WASHINGTON: Donald Trump a renvoyé une nouvelle proposition d'accord plus stricte à l'Iran pour mettre fin à la guerre, alors qu'une entente semblait se rapprocher ces derniers jours, affirment samedi des médias américain.

D'après le New York Times, citant samedi des responsables ayant connaissance des tractations, le président américain a durci certains termes de la proposition qui était sur la table et a adressé ce nouveau plan à Téhéran.

Le média américain n'est pas en mesure de préciser les changements apportés par le républicain. Mais selon le site Axios, il souhaitait renforcer la position de Washington sur plusieurs aspects qu'il considère personnellement comme importants, notamment le sort des matériaux nucléaires iraniens.

M. Trump a maintes fois répété qu'il était exclu que Téhéran se dote de l'arme atomique, et exige que son stock d'uranium hautement enrichi soit détruit.

La question du nucléaire est l'un des principaux points de friction dans les négociations pour mettre fin à la guerre déclenchée le 28 février par l'offensive israélo-américaine contre la République islamique.

Parmi les autres priorités du président figurent la réouverture et le déminage du détroit d'Ormuz par l'Iran, qui en bloquant cette voie d'eau perturbe gravement les approvisionnements en carburant et l'économie mondiale en général.

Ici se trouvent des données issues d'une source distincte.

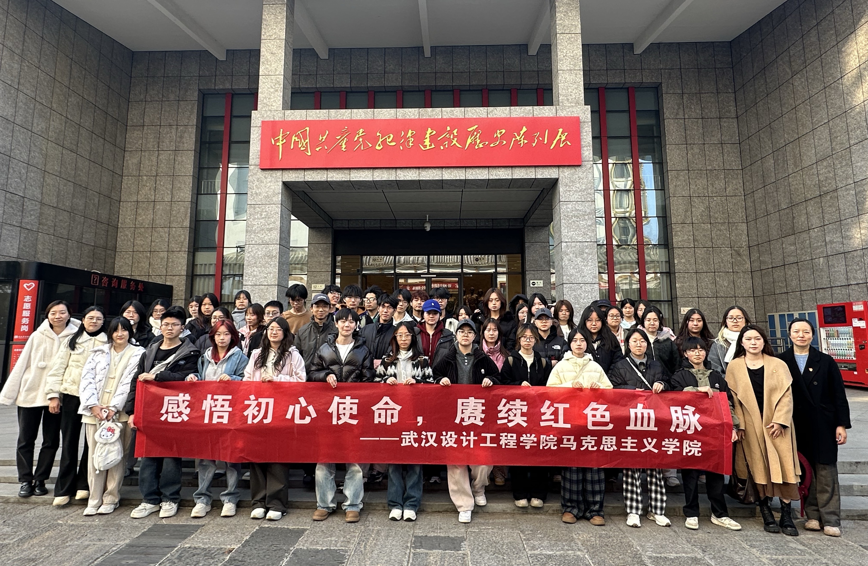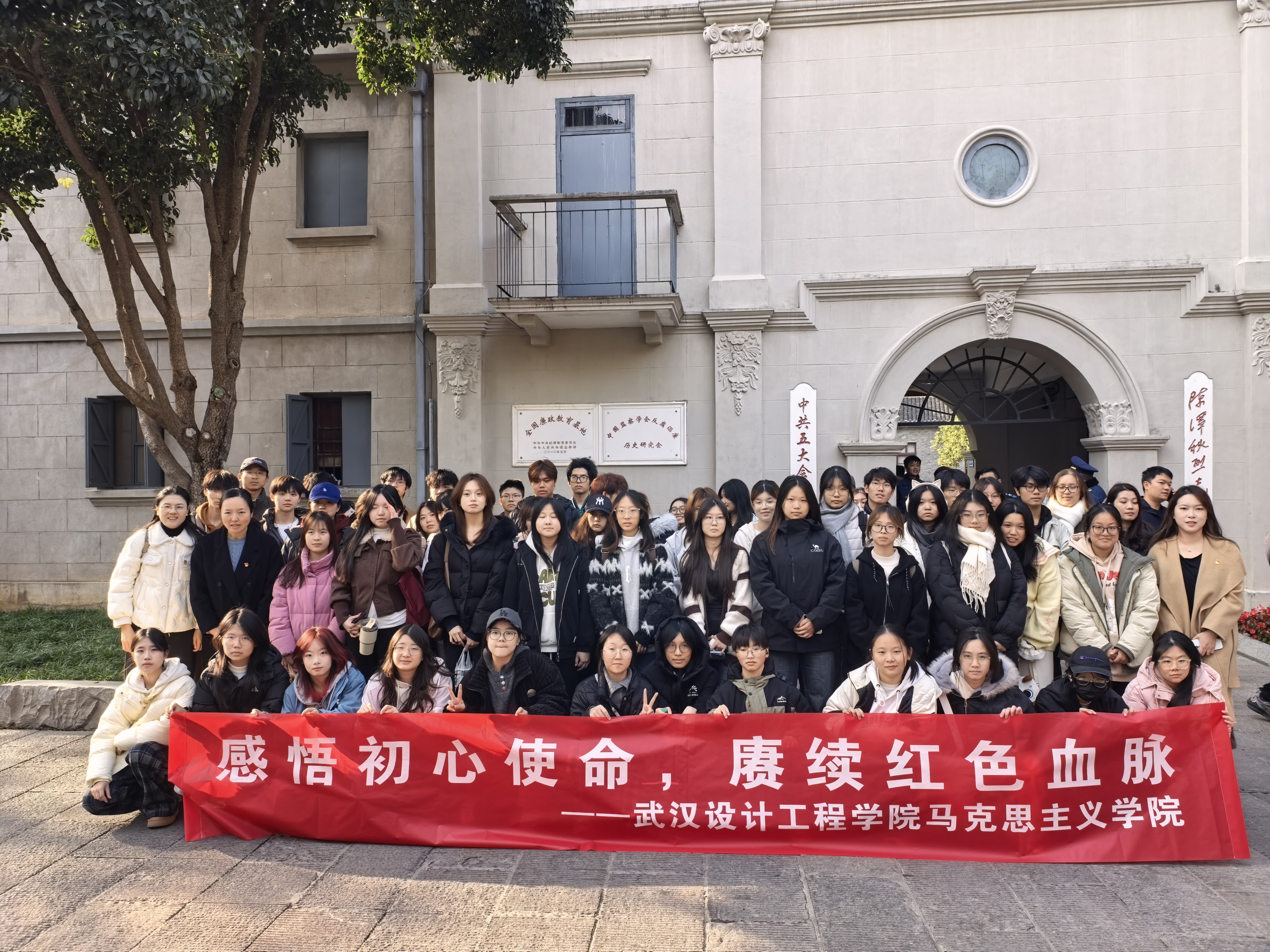 本次实践教学由《中国近现代史纲要》教研室教师卫凤娇、王帅、王婧雯、吕静和公共艺术学院杨阳老师联合指导,依托武汉革命博物馆的武昌中央农民运动讲习所旧址纪念馆、毛泽东旧居纪念馆、中共五大会址纪念馆及中国共产党纪律建设历史陈列馆等红色资源,通过沉浸式现场教学,将教材中关于党的创建、国共合作、农民运动等历史事件转化为可感可知的历史体验。

Les modifications apportées par Donald Trump pourraient encore prolonger les négociations. Des sources américaines ont indiqué à l'AFP que le président n'avait pas décidé de signer la proposition sur son bureau vendredi, après une réunion de crise à la Maison Blanche.

Dans la soirée, un responsable de la présidence avait affirmé que Donald Trump ne signerait un accord "que s'il est bon pour l'Amérique et que ses lignes rouges sont satisfaites".